◆ EXERCISE AIM
Below are entries. Give back exactly the lines from the one containing "Set an inviting" through the one containing "Chinese food and", inclusive, without the pictures.

Stored items:
#####

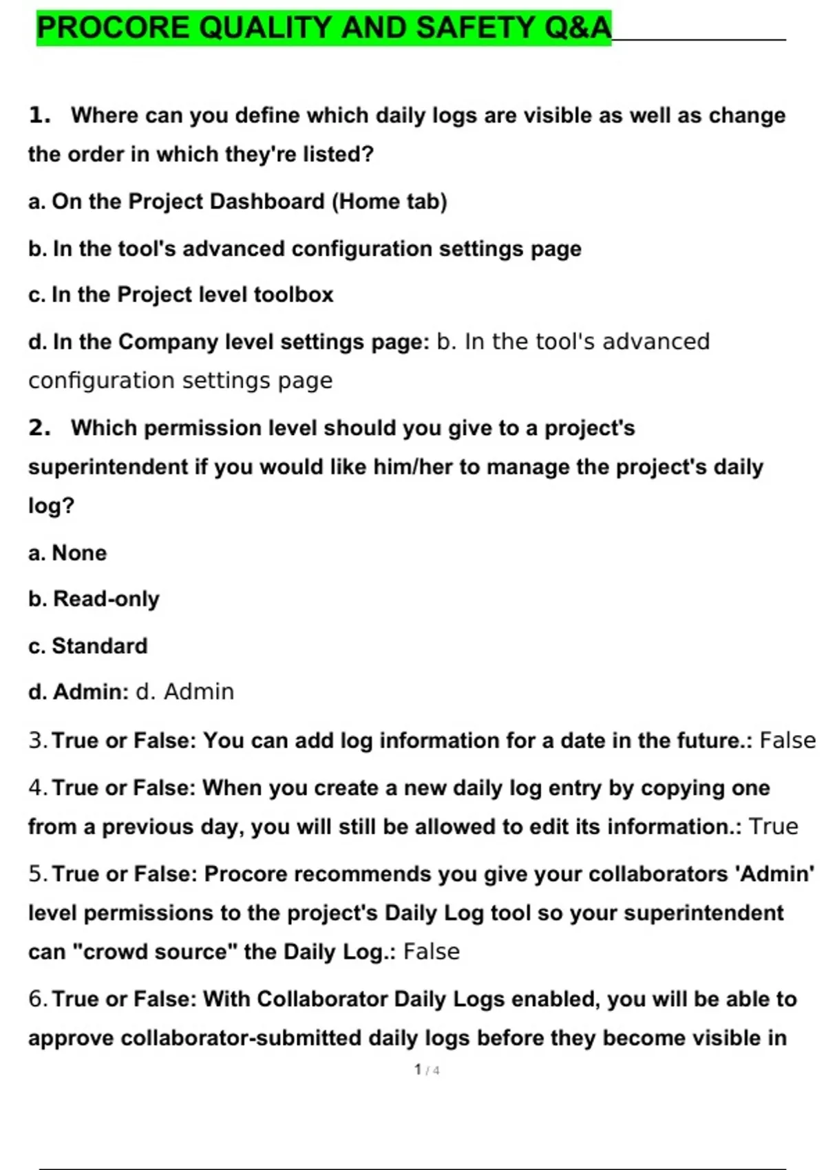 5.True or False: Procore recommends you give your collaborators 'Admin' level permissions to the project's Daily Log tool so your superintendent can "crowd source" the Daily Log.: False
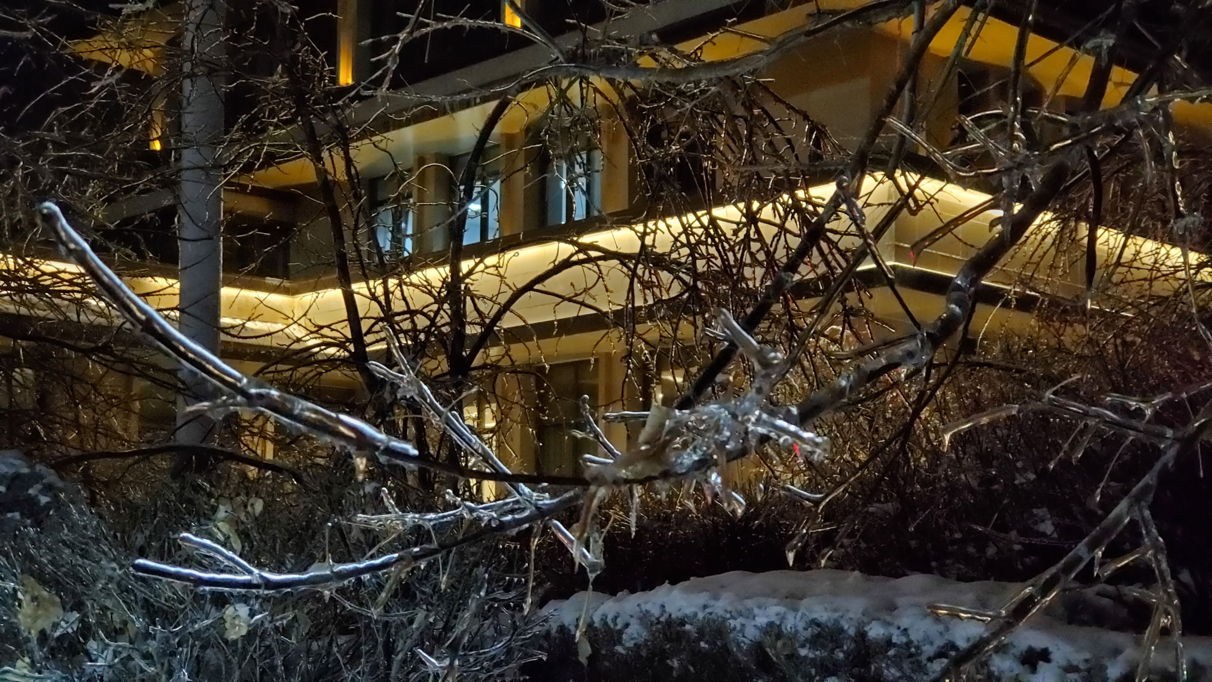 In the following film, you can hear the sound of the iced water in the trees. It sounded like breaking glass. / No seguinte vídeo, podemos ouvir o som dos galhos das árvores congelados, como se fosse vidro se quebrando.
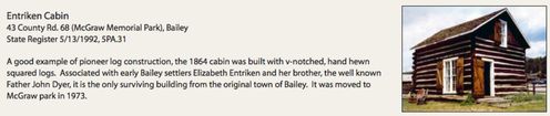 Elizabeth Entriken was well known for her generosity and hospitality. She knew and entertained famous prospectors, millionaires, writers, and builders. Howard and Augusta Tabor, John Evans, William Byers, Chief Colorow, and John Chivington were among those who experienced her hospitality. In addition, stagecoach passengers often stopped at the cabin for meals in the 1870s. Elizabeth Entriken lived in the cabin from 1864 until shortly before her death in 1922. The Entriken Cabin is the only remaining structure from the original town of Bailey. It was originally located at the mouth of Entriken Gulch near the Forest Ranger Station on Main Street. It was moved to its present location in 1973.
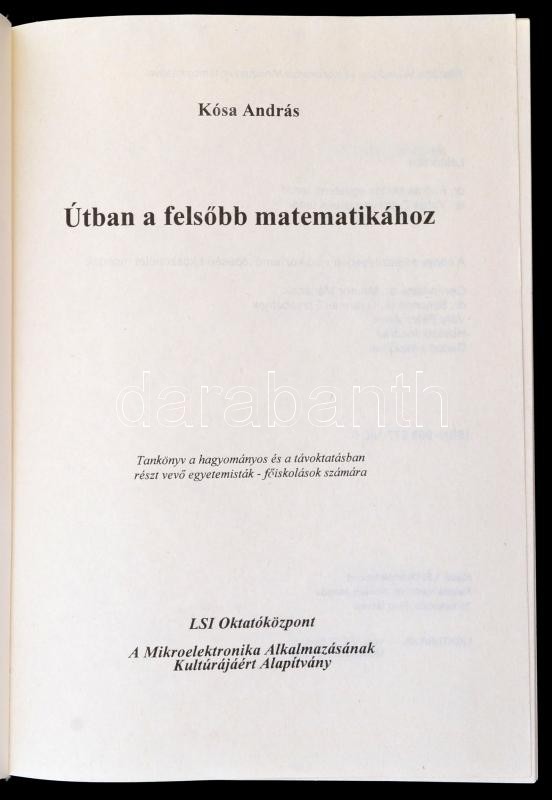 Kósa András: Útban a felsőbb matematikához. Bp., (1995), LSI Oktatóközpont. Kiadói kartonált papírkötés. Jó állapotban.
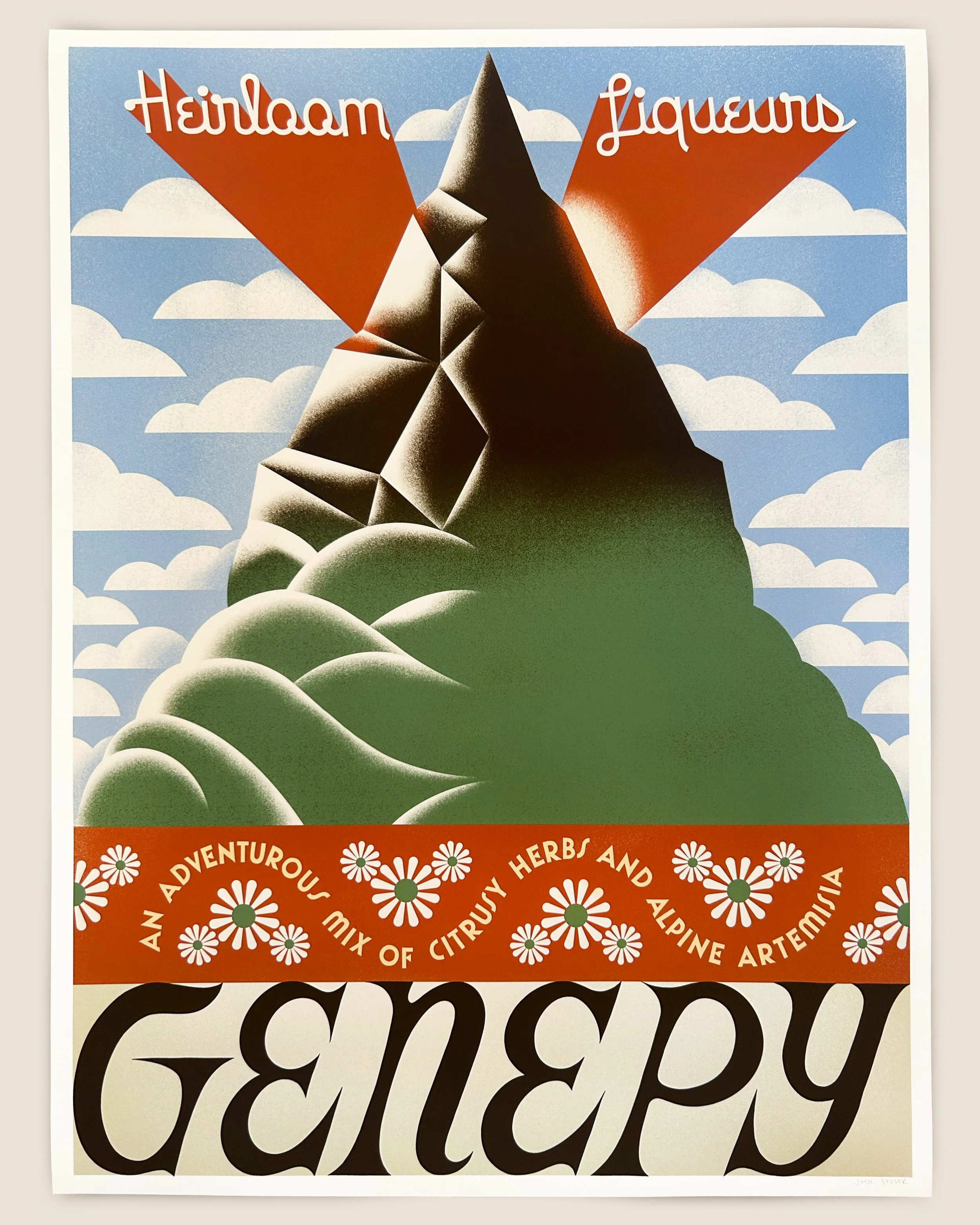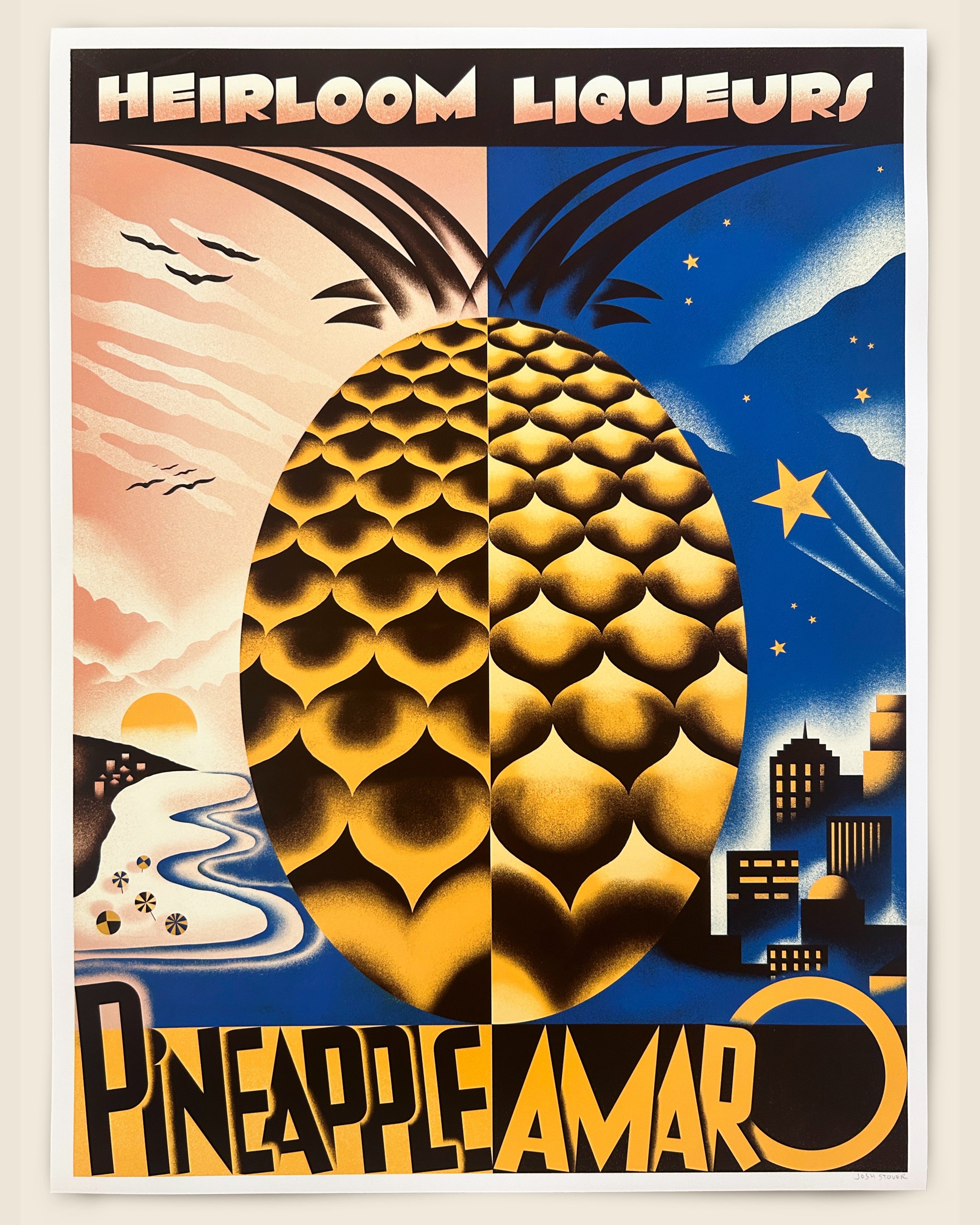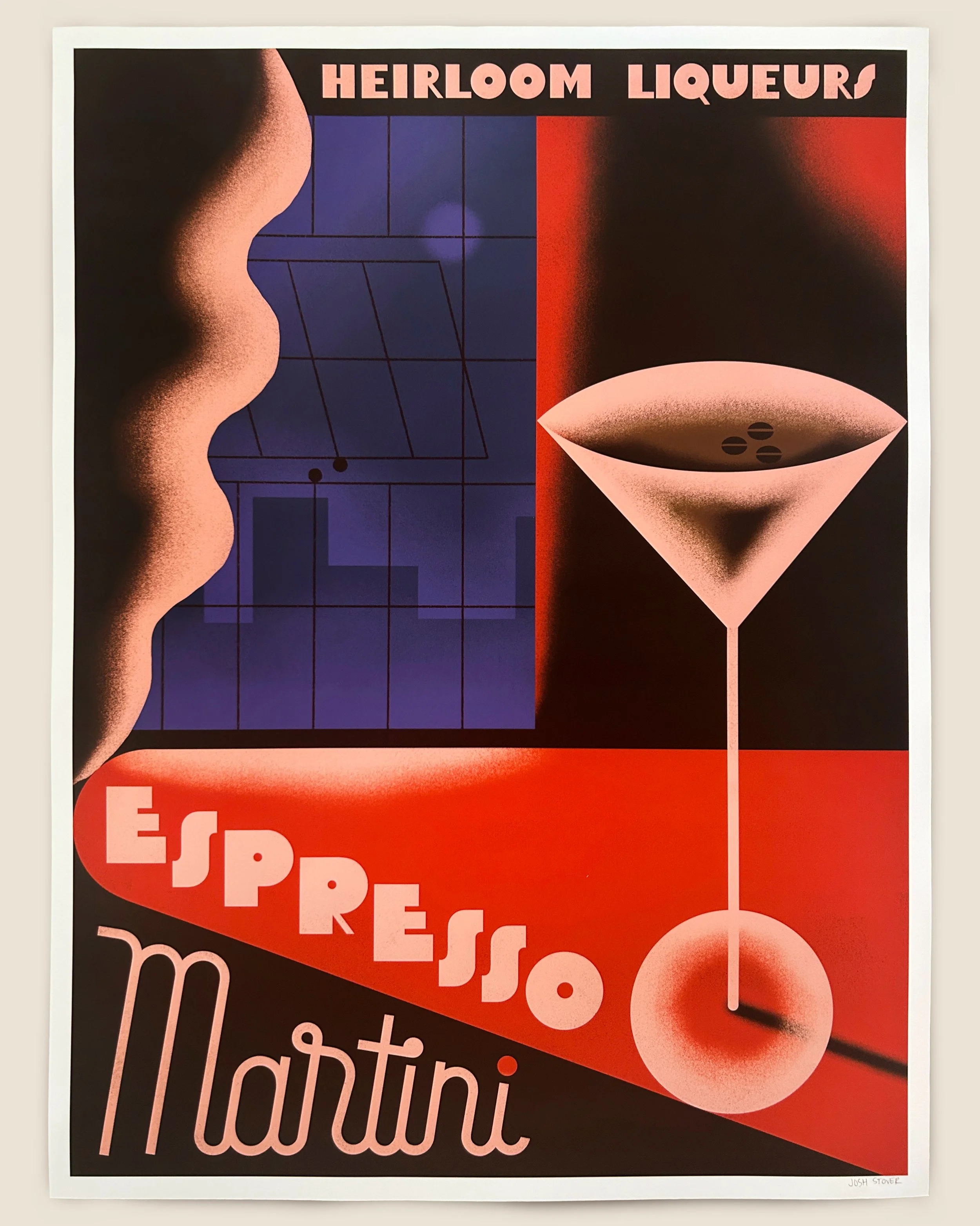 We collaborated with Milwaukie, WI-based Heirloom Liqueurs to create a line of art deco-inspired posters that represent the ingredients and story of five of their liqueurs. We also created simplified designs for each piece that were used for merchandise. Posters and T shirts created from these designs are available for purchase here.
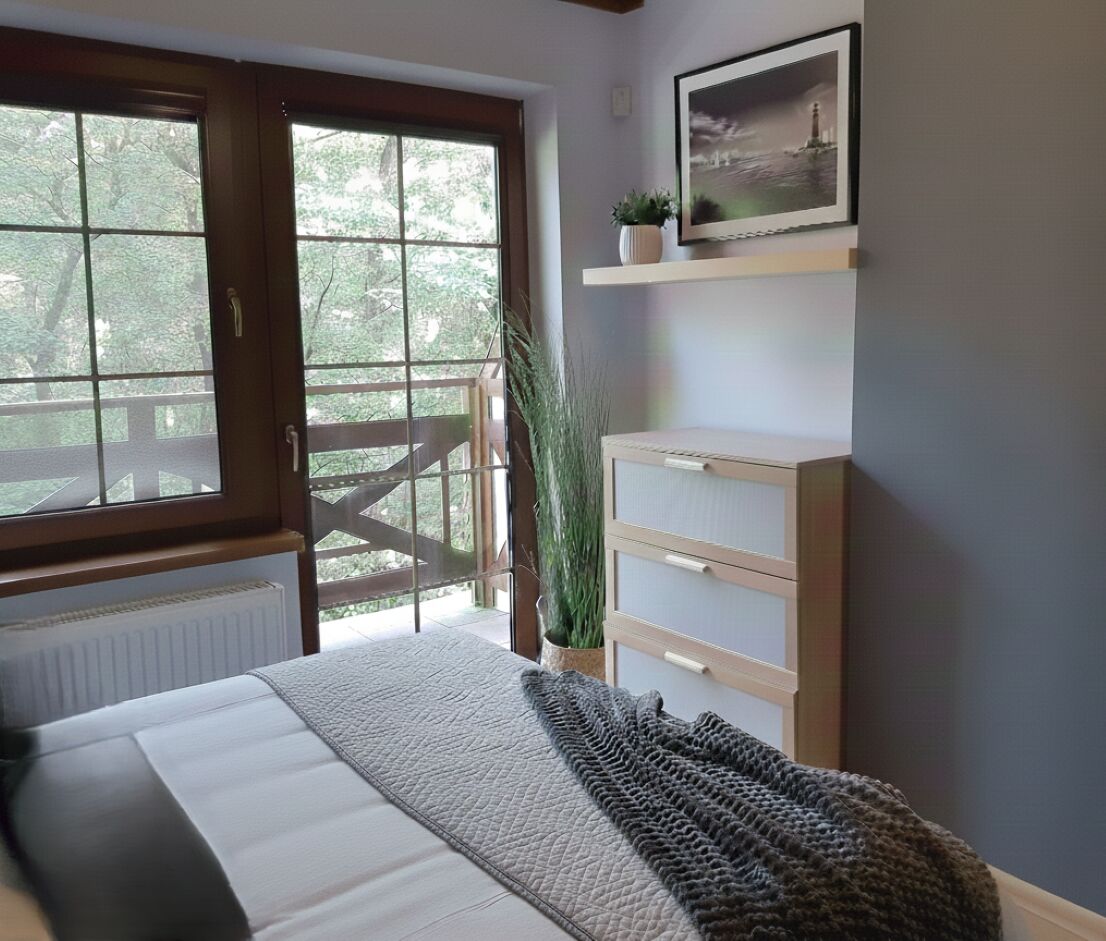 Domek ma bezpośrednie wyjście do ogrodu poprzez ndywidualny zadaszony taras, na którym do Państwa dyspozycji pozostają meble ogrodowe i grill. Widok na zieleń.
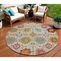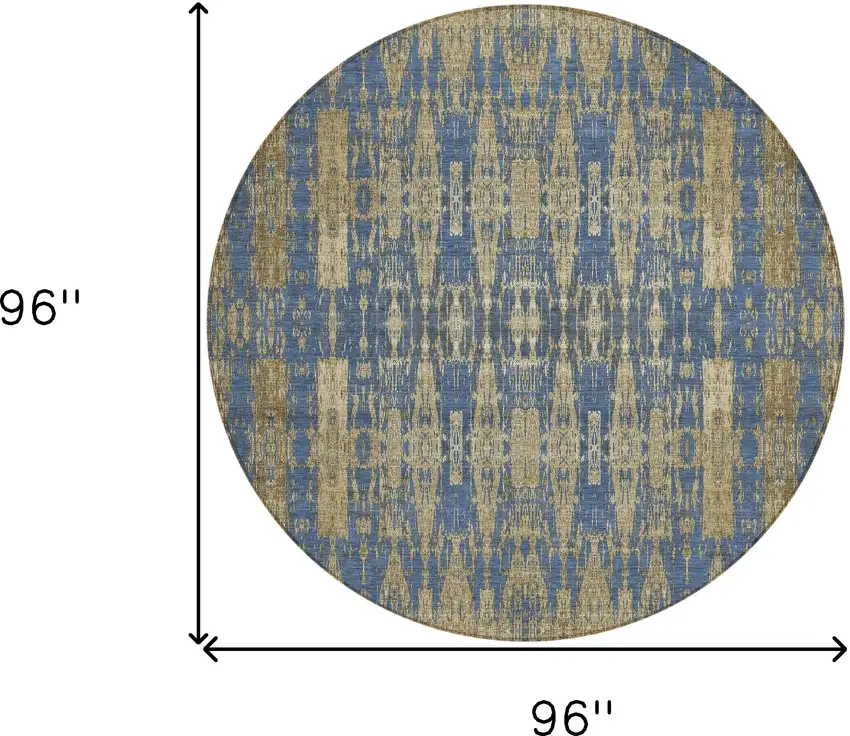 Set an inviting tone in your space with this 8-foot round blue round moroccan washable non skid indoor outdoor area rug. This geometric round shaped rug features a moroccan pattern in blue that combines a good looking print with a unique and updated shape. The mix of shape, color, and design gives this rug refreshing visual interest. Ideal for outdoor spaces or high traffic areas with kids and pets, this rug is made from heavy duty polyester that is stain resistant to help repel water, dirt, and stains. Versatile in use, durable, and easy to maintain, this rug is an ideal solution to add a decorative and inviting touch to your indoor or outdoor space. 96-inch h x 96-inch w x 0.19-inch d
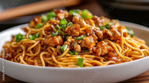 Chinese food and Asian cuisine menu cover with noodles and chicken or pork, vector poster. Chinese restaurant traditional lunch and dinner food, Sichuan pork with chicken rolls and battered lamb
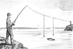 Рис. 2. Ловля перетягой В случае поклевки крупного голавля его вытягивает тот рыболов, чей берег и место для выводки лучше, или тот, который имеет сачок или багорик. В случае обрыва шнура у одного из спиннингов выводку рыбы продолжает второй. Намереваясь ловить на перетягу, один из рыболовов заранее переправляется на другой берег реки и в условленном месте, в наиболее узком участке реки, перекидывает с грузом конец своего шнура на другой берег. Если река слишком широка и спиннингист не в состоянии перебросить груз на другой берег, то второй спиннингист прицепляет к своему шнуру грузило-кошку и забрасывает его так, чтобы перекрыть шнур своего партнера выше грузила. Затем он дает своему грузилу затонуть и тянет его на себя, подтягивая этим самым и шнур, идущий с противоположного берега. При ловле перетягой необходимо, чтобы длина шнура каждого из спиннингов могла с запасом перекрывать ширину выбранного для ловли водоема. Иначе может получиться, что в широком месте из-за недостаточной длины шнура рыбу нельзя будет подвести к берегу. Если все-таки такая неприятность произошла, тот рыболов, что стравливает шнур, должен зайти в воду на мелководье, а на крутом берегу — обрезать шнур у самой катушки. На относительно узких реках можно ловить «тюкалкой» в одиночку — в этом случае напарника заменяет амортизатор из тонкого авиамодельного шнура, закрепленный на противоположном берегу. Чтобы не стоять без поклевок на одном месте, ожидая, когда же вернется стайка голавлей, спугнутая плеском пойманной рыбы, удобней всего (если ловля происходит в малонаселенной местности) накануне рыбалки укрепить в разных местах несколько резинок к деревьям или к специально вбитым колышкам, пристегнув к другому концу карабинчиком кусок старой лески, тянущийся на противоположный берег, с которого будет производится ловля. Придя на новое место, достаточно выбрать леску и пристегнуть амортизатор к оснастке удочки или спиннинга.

#####

◆ SOLUTION TO THIS EXERCISE
 Set an inviting tone in your space with this 8-foot round blue round moroccan washable non skid indoor outdoor area rug. This geometric round shaped rug features a moroccan pattern in blue that combines a good looking print with a unique and updated shape. The mix of shape, color, and design gives this rug refreshing visual interest. Ideal for outdoor spaces or high traffic areas with kids and pets, this rug is made from heavy duty polyester that is stain resistant to help repel water, dirt, and stains. Versatile in use, durable, and easy to maintain, this rug is an ideal solution to add a decorative and inviting touch to your indoor or outdoor space. 96-inch h x 96-inch w x 0.19-inch d
 Chinese food and Asian cuisine menu cover with noodles and chicken or pork, vector poster. Chinese restaurant traditional lunch and dinner food, Sichuan pork with chicken rolls and battered lamb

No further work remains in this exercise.